The Hired Man. Photo : Paul Nicholas Dyke
Les problèmes ne s'arrêtent pas là. Comme si tout cela ne suffisait pas, le lieu est assez chaud et manque d'un système de climatisation fonctionnel. À la place, au moins deux machines assez bruyantes fonctionnent pendant toute la représentation, leur but - semble-t-il - étant de pomper un peu d'air plus frais dans l'atmosphère estivale de l'auditorium. L'espoir est louable, les résultats sont désolants. Malheureusement, le public a maintenant l'impression que les acteurs doivent jouer le spectacle dans la salle des machines du RMS Titanic, une impression renforcée par la conception de scène de Justin Williams et Jonny Rust composée d'un mur claustrophobe de plaques de bois, qui ressemblent plutôt à des réparations d'urgence d'un navire endommagé.
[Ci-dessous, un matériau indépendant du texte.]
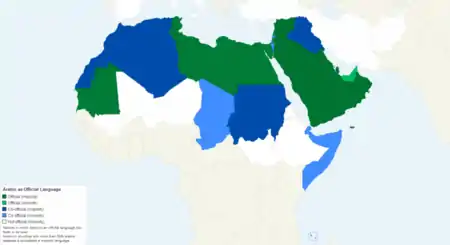 کشورهایی که زبان ملی یا کاری به رسمیتشناختهشدهشان عربی است عبارتند از:
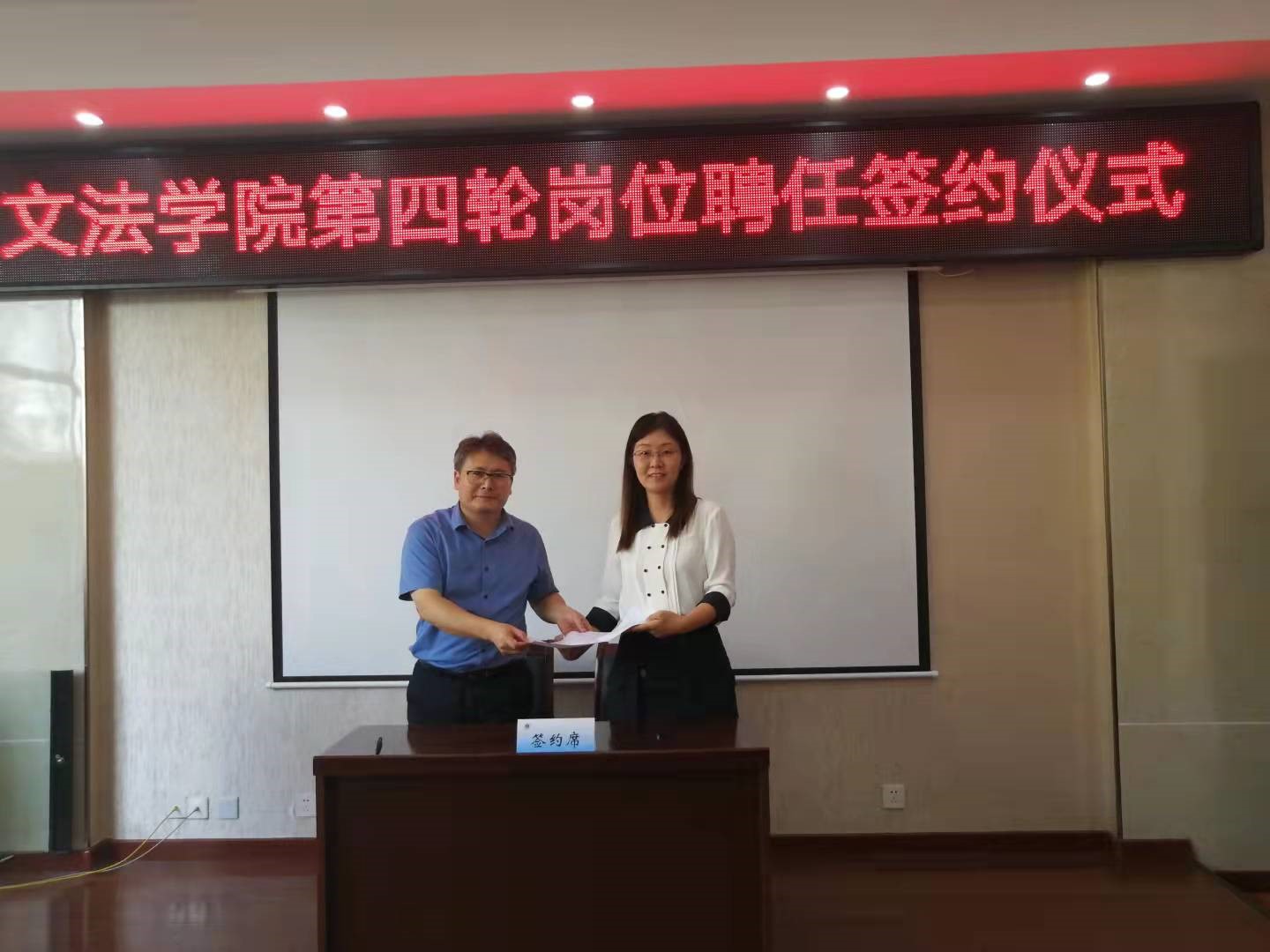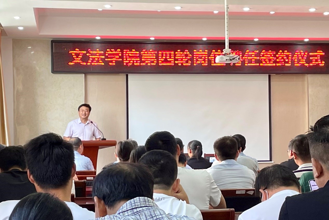 9月29日下午,文法学院在文渊楼314举行第四轮岗位聘任签约仪式。院长吴明忠与教师代表签订了岗位聘用合同书。党委副书记王国银主持会议,院领导和全体教职工参加签约仪式。
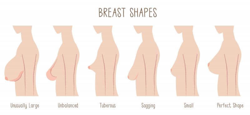 上圖依序中文的表達為:木瓜奶、大小不均型、胸部變型、下垂型、發育不全型、完美胸型等六種!
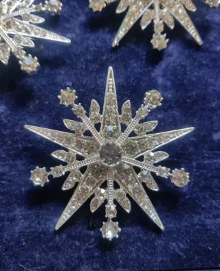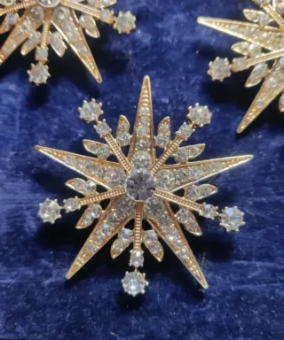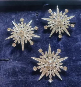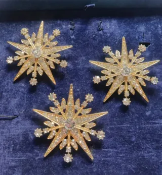Conjunto de tres broches con diseño de estrella y perla central. Perfecto para imagen de virgen dolorosa o gloria a tamaño natural. Se pueden comprar individualmente. Medidas: 5'5 cm. - Diseño de estrella con múltiples detalles. - Perla sintética en el centro. - Acabado plateado brillante.

Ajoutez à cela des costumes qui changent à peine avec les décennies qui passent (merci à Carrie-Ann Stein), et un éclairage (par le relativement inexpérimenté Stuart Glover) qui s'allume et s'éteint, monte et descend et de gauche à droite presque à volonté et souvent indépendamment de l'action sur scène, et vous avez une recette pour un désastre presque définitif.
C'est entièrement au crédit de la distribution que cette catastrophe est évitée. Ils luttent héroïquement contre tous les obstacles jetés sur leur chemin et font ce qu'ils peuvent pour sauver de ce chaos une performance crédible et belle, même si beaucoup d'entre eux ont souvent l'air déconcertant de perdus et sans but. La chorégraphie de Charlotte Tooth est souvent très en phase avec leurs moments d'ensemble, bien qu'elle semble tout aussi perdue pour comprendre ce que la production essaie de représenter. Je suis sûr que le metteur en scène Brendan Matthew a ses raisons pour ses choix, et j'aurais aimé dire que je savais ce qu'elles étaient, mais pour l'instant elles semblent m'échapper. C'est dommage. Sa récente production de 'My Land's Shore' pour Ye Olde Rose & Crowne (une histoire tout aussi épique de gens de la classe ouvrière) était magistrale. En travaillant avec une partie de cette distribution et une grande partie de la même équipe créative ici, la même magie ne semble pas avoir été créée et qui peut dire pourquoi?
En attendant, il y a ici une assez bonne interprétation du texte disponible, et qui fera l'affaire, surtout si vous n'avez rien vu de mieux. Cela ne restera peut-être pas dans l'histoire comme l'une des productions les plus réussies de l'Union. J'espère que des leçons précieuses en seront tirées. La distribution mérite notre soutien et notre félicitations : tout le monde - veuillez essayer de les aider davantage.